Depending on what were working on we try to get two bite sessions in per training session. Then again we only have 3-4 people that train together. We're not a club...eff the clubs I say LOL


----------



## jay lyda (Apr 10, 2006)

Yes Howard, we train in the evenings and here lately early weekend mornings.


----------



## Phil Dodson (Apr 4, 2006)

> Here in LA (lower Al.), I require my teams to train 99% of the time during darkness as this is the time we work. I do just enough bitework scenarios to keep them proficient. 

> I do nothing but scent work with my teams to ensure they are able to perform searches during the summer and early fall when temps and humidity here are at it's worst.


----------



## Mo Earle (Mar 1, 2008)

_"O! Swimming in South Fla.? What are you folks trying to do with your dogs, make them **********?

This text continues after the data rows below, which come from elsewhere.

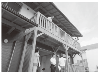
見学者を案内、説明

住み始められた御施主様に感想をお聞きしたところ、「以前の家より涼しく、断熱性能が良く、家事動線も設計士さんによく考えていただき、住み心地、使い勝手の良さを実感している。訪ねてくるお友達が、デザインがお洒落で、カフェに来たみたいと褒めてくれます」とのこと。楽しい会話が弾む、愉快的暮らしが始まります。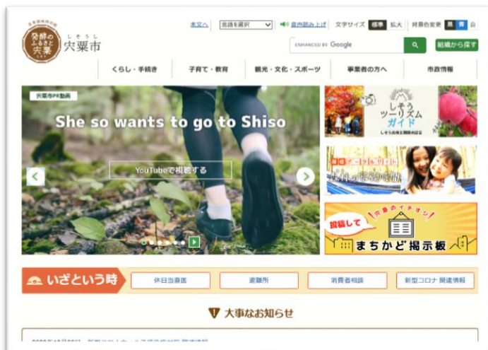
市公式サイトトップページ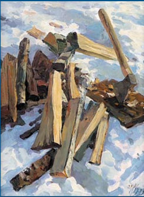
Р. Хузин. «Дрова». Холст, масло. 2010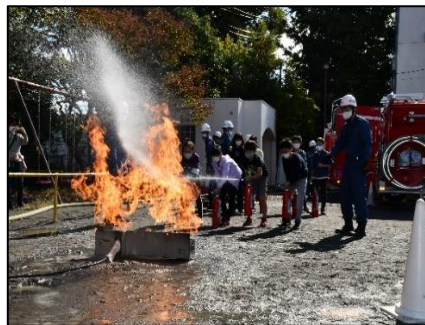
消火器による消火訓練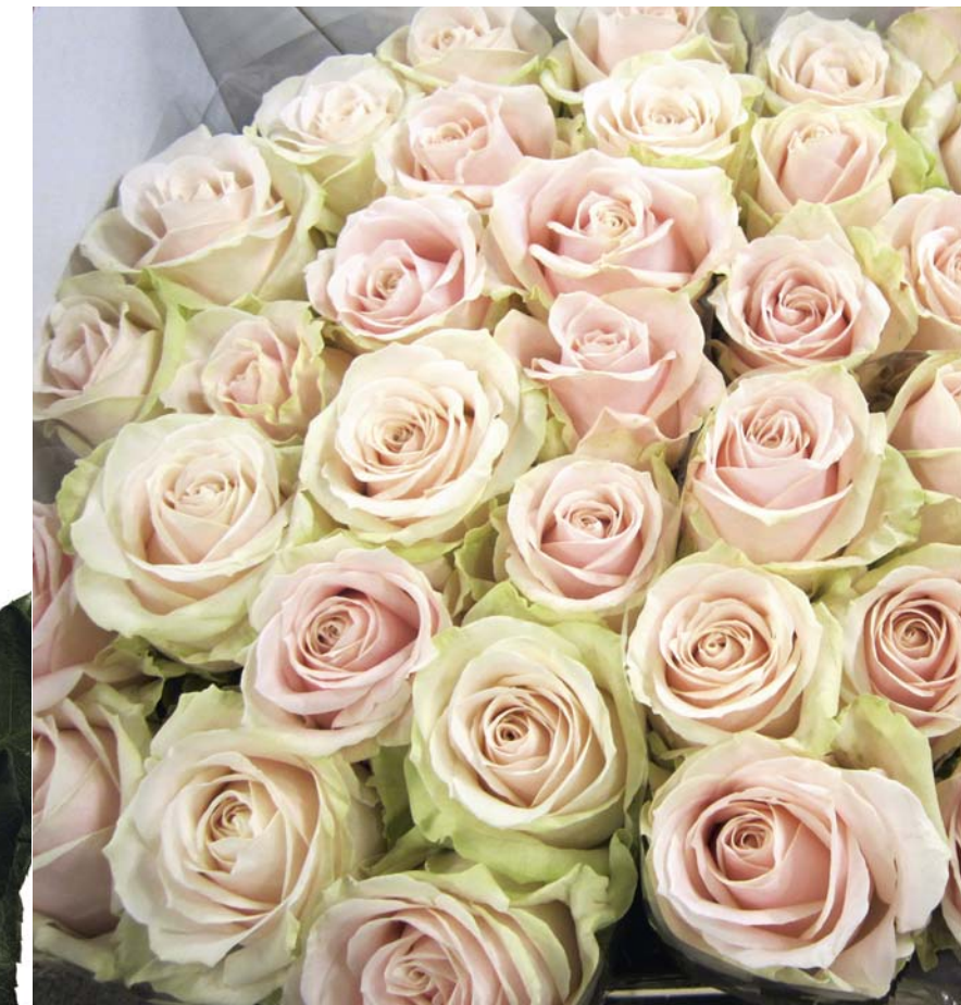
Шикарный букет из роз сорта 'AQUA' (компания Schreurs )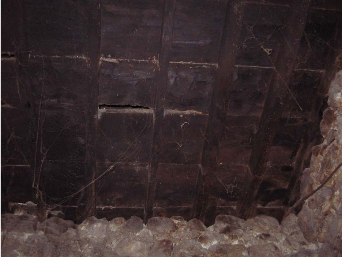
Şekil C.10. Z03 Mekânı tavanı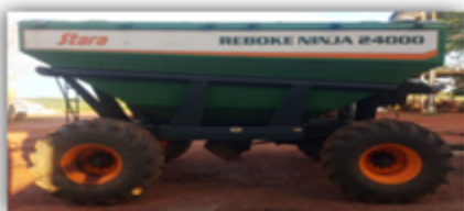
Reboke Ninja 24000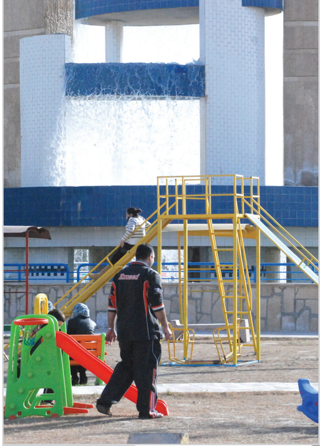
متنزه للاطفال في بحيرة الجادرية...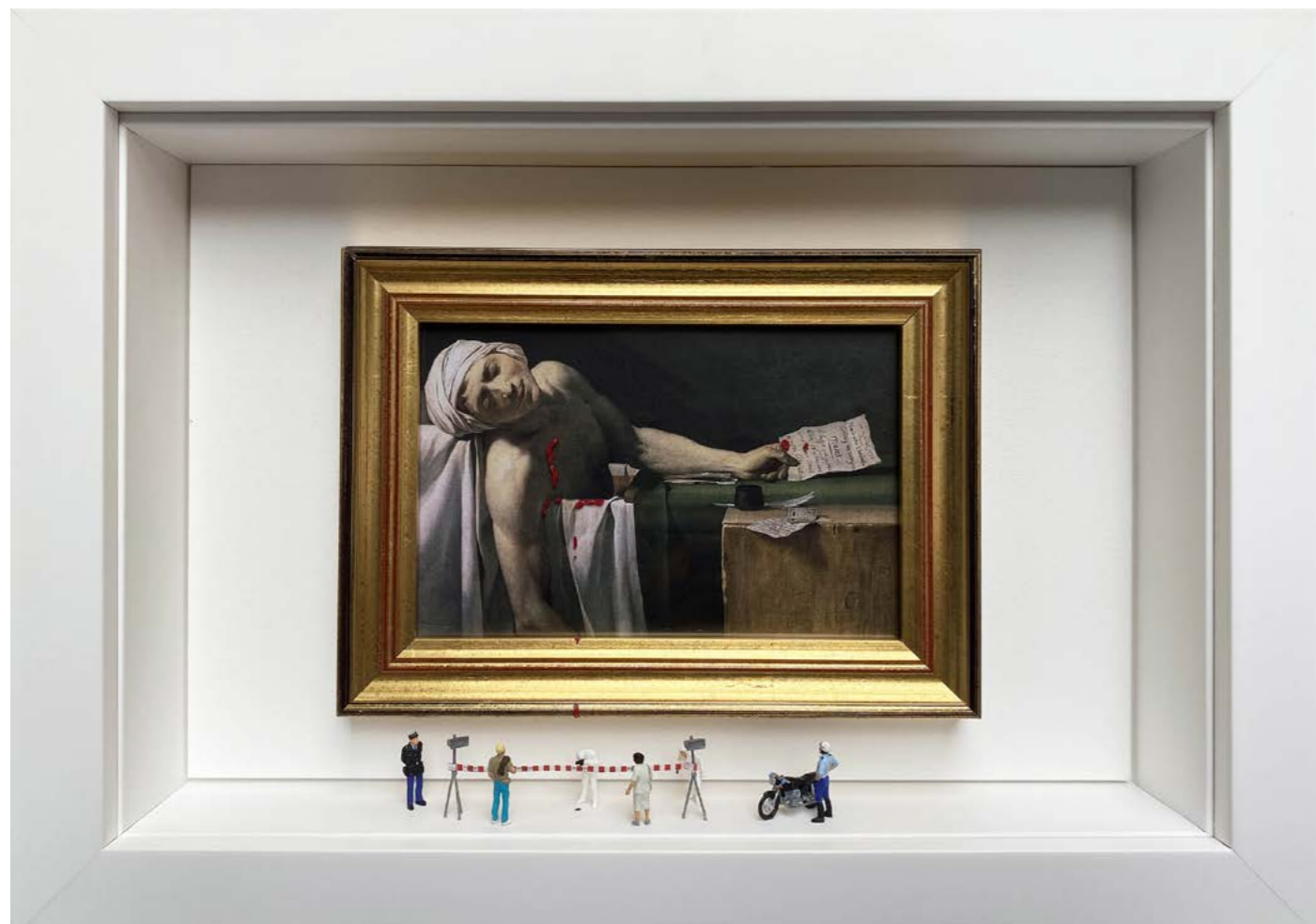
Do Not Cross (Some characters may slightly vary) Édition limitée à 12 exemplaires - Limited edition of 12 34 x 24 x 6,5 cm - 13 x 9 x 2,5 inches Clin d'oeil à l'oeuvre La Mort de Marat de Jacques-Louis David (1793) A nod to the artwork The Death of Marat by Jacques-Louis David (1793)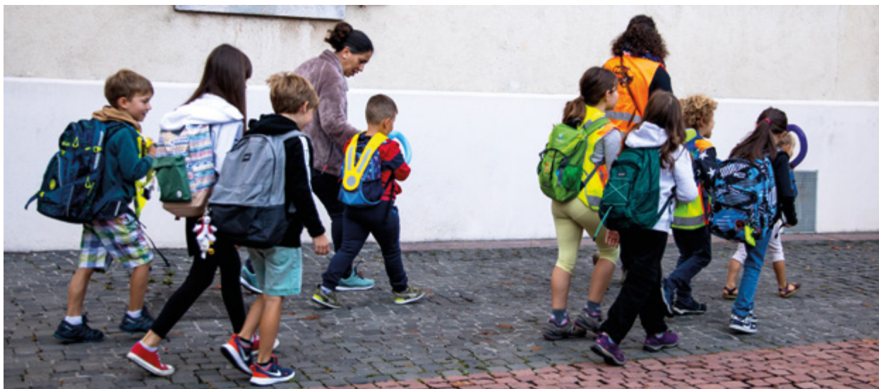
Unterwegs mit dem Pedibus in Martinach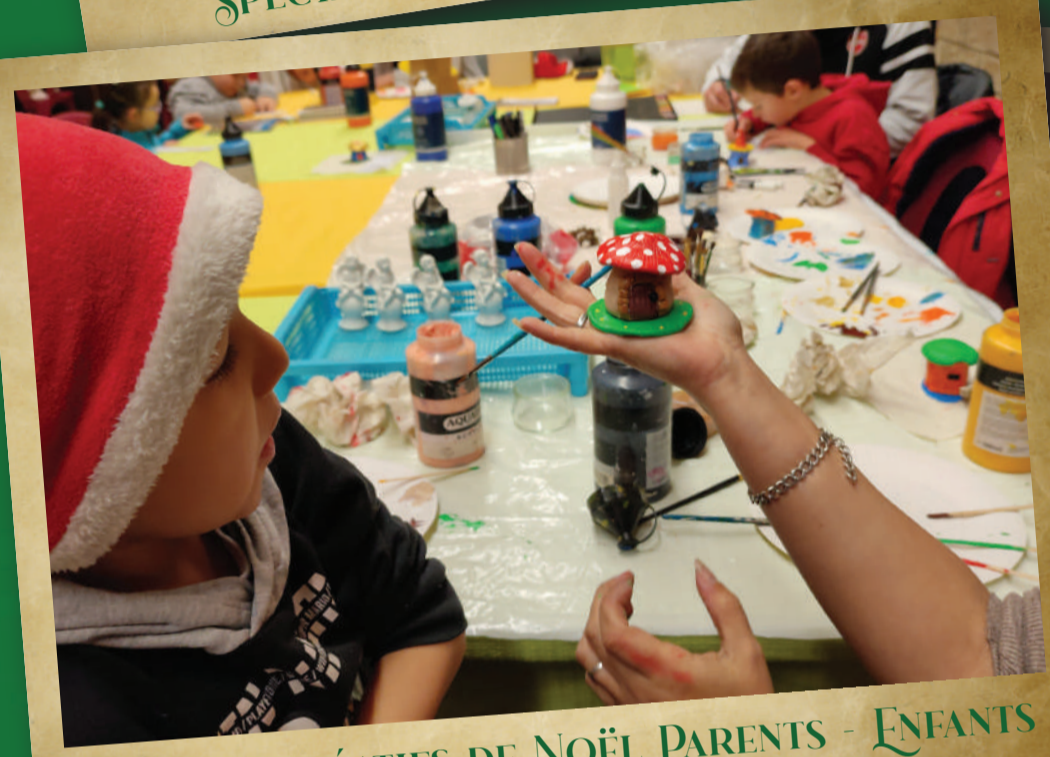
ATELIERS CRÉATIFS DE NOËL PARENTS - ENFANTS

"Bad Fluffy, didn't train with dedication, here fetch the tennis ball." "Hey has anyone see my dog?" Nice trick kid!







"_

:lol::lol:...nah..the gators are afraid of our dogs...they go the other way!:^o:smile:
Actually the pond on our property...doesn't have any gators in it....lots of fish, but no gators-clean enough if we didn't want to use the "cement pond"...we could swim with the dogs....the local canals however..big boy gators there...could be where you send the "bad fluffys"...but don't go in after them, other wise it will be byebye bad handler. We train on Sunday a.m....welcome to come swim, I mean train with us. Mo


----------



## Howard Gaines III (Dec 26, 2007)

Mo Earle said:


> _"O! Swimming in South Fla.? What are you folks trying to do with your dogs, make them **********?
> 
> 
> 
> ...


Mo not sure how to take it...No chance you folks down there aren't trying to get rid of me with an "accidential" swim?  I was born on a day, but not yesterday. I've heard what happens to northern folks who slip down south, some never get heard from again! =; Thanks I'll pass.:grin:


----------



## Dan Long (Jan 10, 2008)

Howard Gaines III said:


> Mo not sure how to take it...No chance you folks down there aren't trying to get rid of me with an "accidential" swim?  I was born on a day, but not yesterday. I've heard what happens to northern folks who slip down south, some never get heard from again! =; Thanks I'll pass.:grin:


Cue "Deliverance" music!!!


----------



## Mo Earle (Mar 1, 2008)

Howard...:lol::lol::lol::lol:....I guess it does sound like that....!! not meant to though.....


----------